Meditatie is van uitzonderlijke betekenis in het boeddhisme. Door meditatie werd Gautama Śākyamuni tot Boeddha en men kan dan ook met reden de meditatie de hoeksteen van het boeddhisme noemen. Zoals het gebed het hart is van godsdiensten als de islam en het christendom, zo is meditatie het hart van de religieuze praxis in het boeddhisme, het fundament waarop de gehele boeddhistische heilsleer is opgebouwd.
Eén van de belangrijkste oefeningen is het mediteren in zittende houding naar het voorbeeld van Śākyamuni, die zeven weken onder de bodhi-boom zat alvorens hij het verlossende inzicht, de innerlijke verlichting (bodhi) bereikte.
Deze fundamentele vorm van meditatie is op velerlei wijze beschreven. Een zeer heldere instructie geeft bijvoorbeeld de beroemde Zenmeester Dōgen in zijn Fukan-zazengi (zie noot).

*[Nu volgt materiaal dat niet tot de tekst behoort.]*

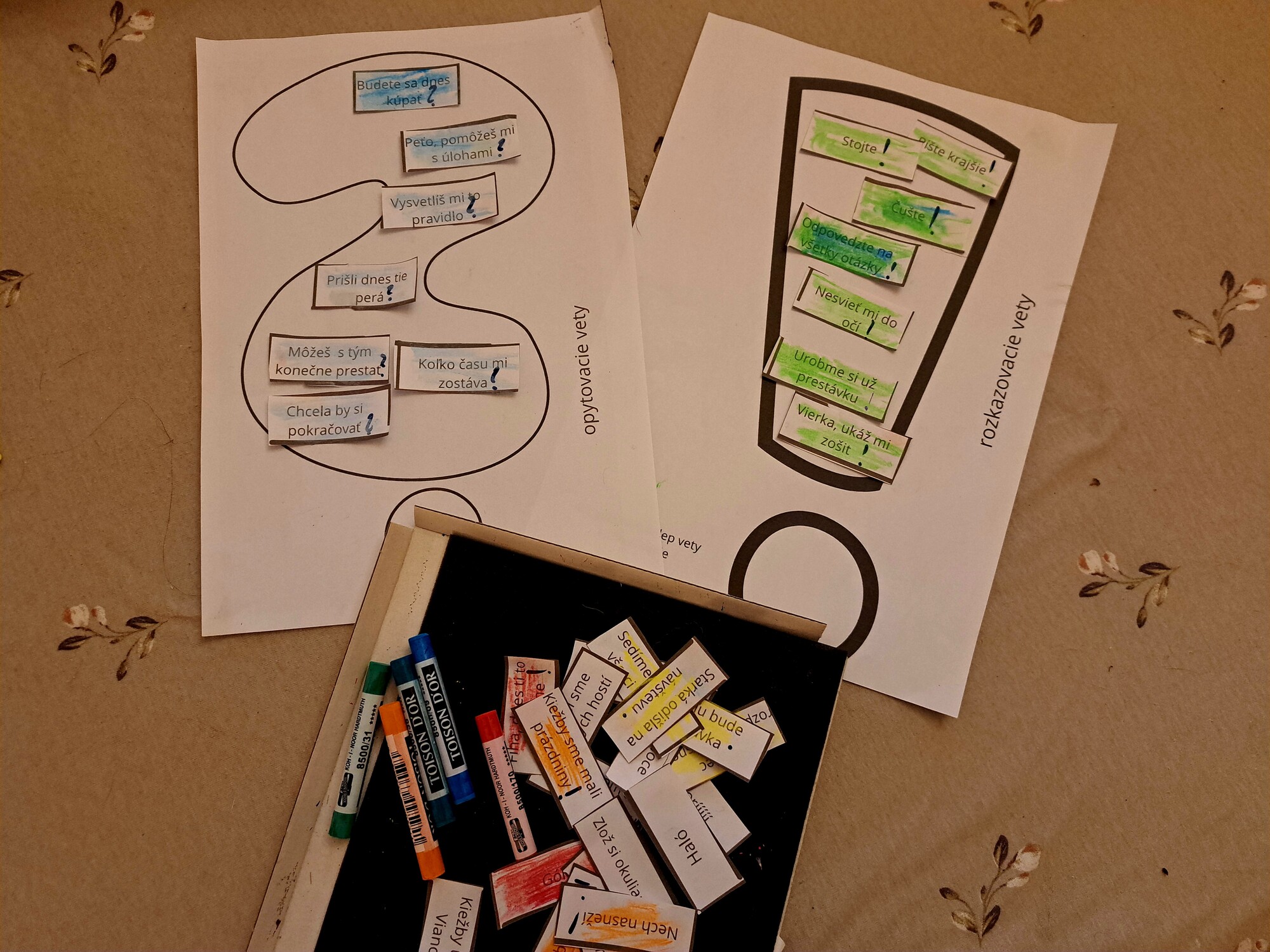 - pracovné listy so symbolmi (bodka, otáznik, výkričník ) – žiaci do nich vlepia správne vety po doplnení interpunkcie a vyfarbení podľa zadania,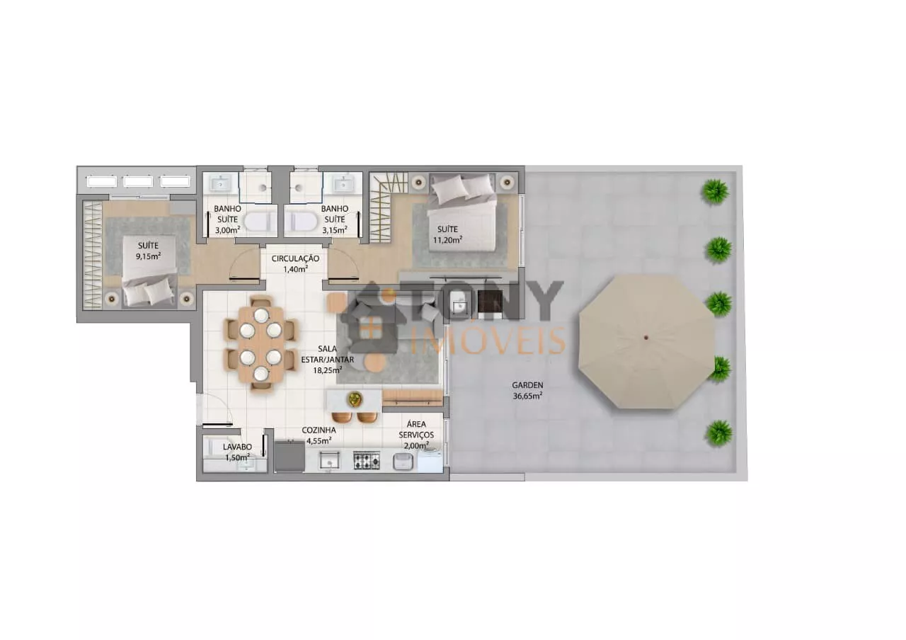 | Apartamento: | 2 DORMITÓRIOS COM 2 SUÍTES COM TERRAÇO | |

In de opvatting van Dōgen Zenji staat primair de fundamentele ervaring van de volkomen eenheid van lichaam en geest, die volgens hem tot uitdrukking komt in zazen, de houding die als het ware de materiële basis is waarop de verlichting zich kan manifesteren. Hij zag in deze vorm van meditatie de verwerkelijking en vervulling van het gehele boeddhisme.
Voor het beoefenen van meditatie is een rustige plaats noodzakelijk, terwijl men tevens redelijk uitgerust en gevoed moet zijn, zodat een zeker gevoel van lichamelijk welzijn (‘bodily comfort’) verzekerd is. Mediteren is in het boeddhisme immers geen rigoureuze ascese, zoals ten onrechte nog weleens gedacht wordt. De kleding moet soepel en gemakkelijk zitten, maar beslist niet slordig, want men behoort ook uiterlijk op waardige wijze te mediteren.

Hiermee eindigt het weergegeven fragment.